Des vertus de l’exemplarité.

On dira qu’il s’agit d’un éloge de l’unilatéralisme. En réalité, c’est tout le contraire dont il s’agit. On prône ici les vertus de l’action unilatérale pour faire déboucher des actions multilatérales. Ainsi, il faut admettre les vertus de l’exemplarité.

Les réformes qui nous conduiraient vers cette mis en parenthèse partielle vis-à-vis de la globalisation seraient en effet d’autant plus efficaces si elles étaient partagées par un groupe de pays. La question alors se pose de savoir si ce groupe de pays pourrait être l’Europe, et sinon qui pourrait en faire partie.

L’Europe telle qu’elle existe de manière institutionnelle, soit l’UE-27, ne remplit aucune des conditions pour une rupture avec la globalisation. Elle est trop engagée dans ce processus pour que l’on espère pouvoir attirer vers les positions que l’on a présenté les 26 autres pays. Les directives de Bruxelles en ont été les vecteurs.

Mais, d’un autre côté, elle est aussi trop étroite et trop limitée. Il faut regarder une carte pour comprendre ce que l’Europe réelle signifie.
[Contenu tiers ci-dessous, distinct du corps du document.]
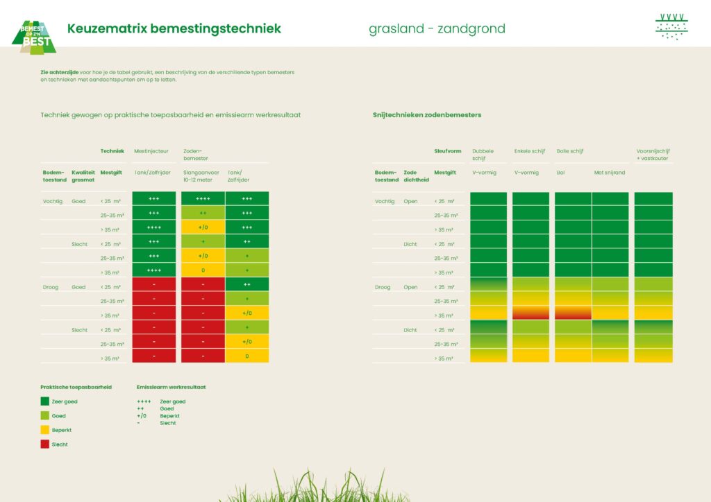Voor de bemesting van grasland of bouwland zijn verschillende bemesters en technieken beschikbaar. Met deze keuzematrix van Bemest op z’n Best kies je de techniek die het best praktisch toepasbaar is en het beste, emissiearme werkresultaat geeft onder verschillende omstandigheden. Zo behoud je zo veel mogelijk stikstof voor het gras, voldoe je aan de wetgeving en belast je het milieu zo min mogelijk.
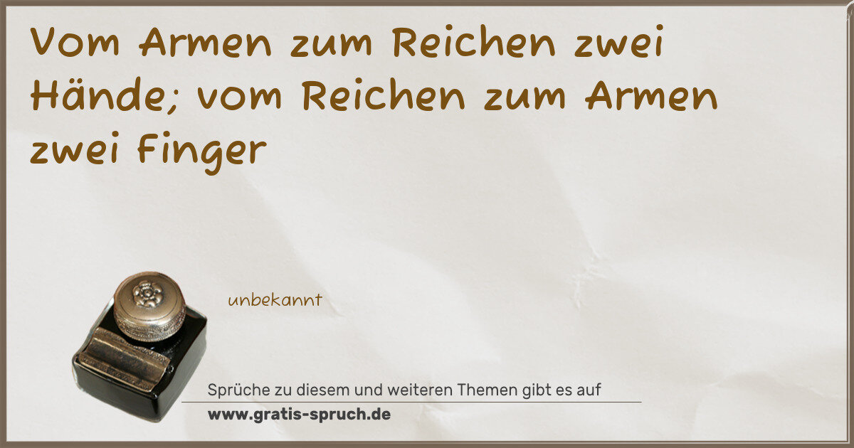 Vom Armen zum Reichen zwei Hände; vom Reichen zum Armen zwei Finger
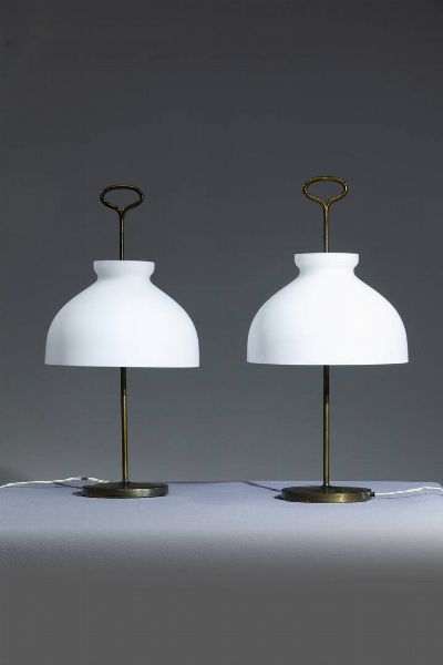 Struttura in ottone e diffusore in vetro incamiciato opalino. Prod. Azucena anni '50 h cm 56x28 Bibl.: Azucena mobili e oggetti a cura di M. Imparato F. Radaelli S. Milesi Azucena Milano 2012 p. 232-233; G. Gramigna Le fabbriche del design. I produttori dell'arredamento domestico in Italia Allemandi Torino 2007 p. 43; G. Gramigna Repertorio del design italiano 1950-2000 per l'arredamento domestico Allemandi Torino 2003 vol. 1 pag. 49 Piccoli difetti
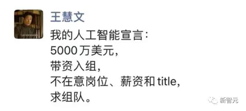 2月13日,已经从美团退休2年的王慧文带着一纸「AI英雄榜」重回大众视野,称自己将拿出5000万美元「带资入组」,且「不在意岗位、薪资和title,求组队」。
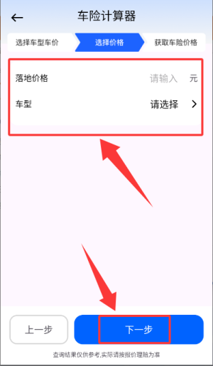 4、接下来输入车辆落地价并选定车型,随后点击“下一步”按钮,继续开展后续操作。

En fait, le projet que l’on a dessiné s’adresse aussi à des pays qui sont hors de l’UE, mais qui ne sont pas nécessairement hors de l’Europe, entendue cette fois dans le sens géographique. La Russie pourrait est ainsi concernée au premier chef. Ce projet en effet concerne tous les pays qui seraient prêts à reconfigurer l’Europe.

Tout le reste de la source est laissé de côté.